**WHAT TO PRODUCE:**
In the records below, find the line that contains "Unlock, upgrade, and" and the line that contains "Livre de 602", then retype exactly those two lines and every line between them.

**TASK INPUT:**
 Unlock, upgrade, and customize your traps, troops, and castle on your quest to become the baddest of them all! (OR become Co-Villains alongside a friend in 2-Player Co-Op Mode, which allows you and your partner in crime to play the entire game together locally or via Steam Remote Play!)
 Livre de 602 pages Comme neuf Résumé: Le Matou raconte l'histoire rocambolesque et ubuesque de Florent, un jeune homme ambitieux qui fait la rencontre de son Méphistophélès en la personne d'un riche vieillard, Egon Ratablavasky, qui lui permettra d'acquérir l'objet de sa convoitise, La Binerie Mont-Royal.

* * *

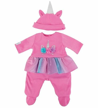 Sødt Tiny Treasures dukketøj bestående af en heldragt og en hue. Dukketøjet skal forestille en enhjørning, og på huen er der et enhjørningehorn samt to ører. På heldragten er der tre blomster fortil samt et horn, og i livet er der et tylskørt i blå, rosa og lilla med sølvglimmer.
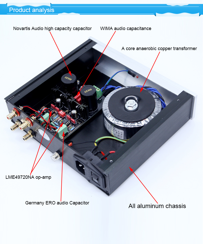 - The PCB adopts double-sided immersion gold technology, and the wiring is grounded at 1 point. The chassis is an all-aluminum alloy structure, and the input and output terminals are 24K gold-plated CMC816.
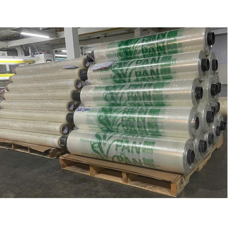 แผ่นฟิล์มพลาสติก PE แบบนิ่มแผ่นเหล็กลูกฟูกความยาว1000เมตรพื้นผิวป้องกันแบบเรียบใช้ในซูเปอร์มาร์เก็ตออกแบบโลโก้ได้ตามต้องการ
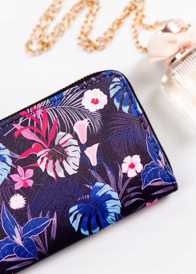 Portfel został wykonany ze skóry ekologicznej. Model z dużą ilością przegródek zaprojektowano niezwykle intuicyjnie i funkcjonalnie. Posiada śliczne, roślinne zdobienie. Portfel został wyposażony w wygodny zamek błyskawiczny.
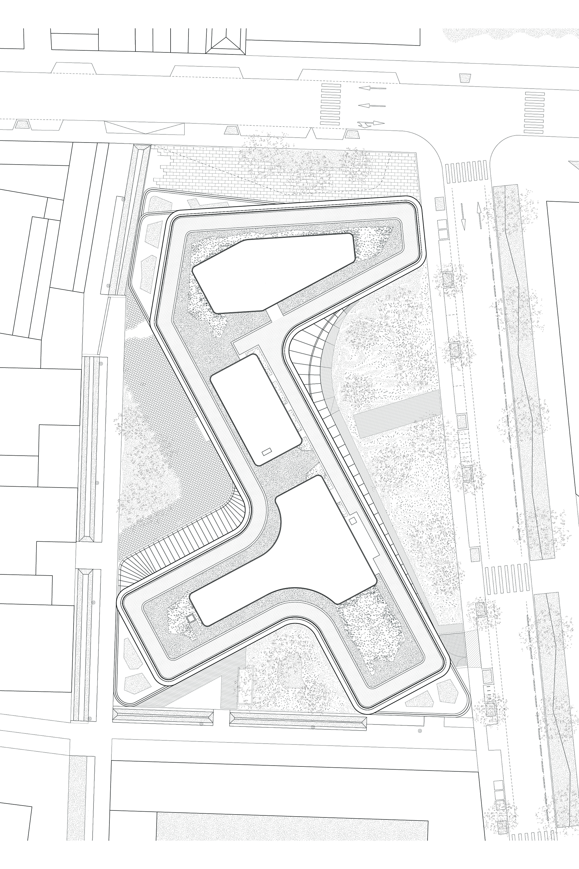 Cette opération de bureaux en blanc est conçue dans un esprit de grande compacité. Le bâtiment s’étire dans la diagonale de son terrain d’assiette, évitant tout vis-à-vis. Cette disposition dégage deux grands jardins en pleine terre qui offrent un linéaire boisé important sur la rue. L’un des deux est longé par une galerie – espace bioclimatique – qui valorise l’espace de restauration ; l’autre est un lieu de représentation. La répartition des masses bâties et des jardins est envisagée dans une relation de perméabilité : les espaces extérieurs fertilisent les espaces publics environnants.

**OUTPUT:**
 Unlock, upgrade, and customize your traps, troops, and castle on your quest to become the baddest of them all! (OR become Co-Villains alongside a friend in 2-Player Co-Op Mode, which allows you and your partner in crime to play the entire game together locally or via Steam Remote Play!)
 Livre de 602 pages Comme neuf Résumé: Le Matou raconte l'histoire rocambolesque et ubuesque de Florent, un jeune homme ambitieux qui fait la rencontre de son Méphistophélès en la personne d'un riche vieillard, Egon Ratablavasky, qui lui permettra d'acquérir l'objet de sa convoitise, La Binerie Mont-Royal.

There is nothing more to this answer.